Moving out to A1 as it's not a regression and not a blocker for GA
(In reply to Nikola Dipanov from comment #3) > This is a well know issue upstream. There is a blueprint proposed (not > approved for Liberty release at this point, but likely to get) to fix this. > > The fix is (as is described on https://review.openstack.org/#/c/193576/) > very invasive and unlikely to be easily backportable. > > We should probably add a release note for this saying that live migration is > not supported for instances with CPU pinning, (in addition we might want to > outright disable it). > > If we decide to disable it - then it makes sense to keep this as a blocker > and do it for GA, otherwise we should not block on this, relnote, and clone > the bug for the next release of RHOS where it will get properly fixed > (upstream in Liberty). Based on the above and my understanding that this was not in fact fixed in Liberty I am moving the flags to rhos-9.0, Mitaka. Let me know if my interpretation is incorrect...

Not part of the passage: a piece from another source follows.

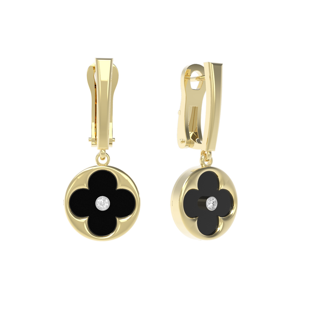 Серьги из лимонного золота c бриллиантами и ониксом

The patch is well-developed, but dependent on review traction to land.
*** Bug 1319385 has been marked as a duplicate of this bug. ***
Hi Sahid, Is there any chance of this being accepted in the rc-* phase given it's treated as a bug upstream, or should I move this to Pike? Thanks, Steve
(In reply to Stephen Gordon from comment #18) > Hi Sahid, > > Is there any chance of this being accepted in the rc-* phase given it's > treated as a bug upstream, or should I move this to Pike? > > Thanks, > > Steve Nothing is really moving in upstream. I guess you should move it to Pike.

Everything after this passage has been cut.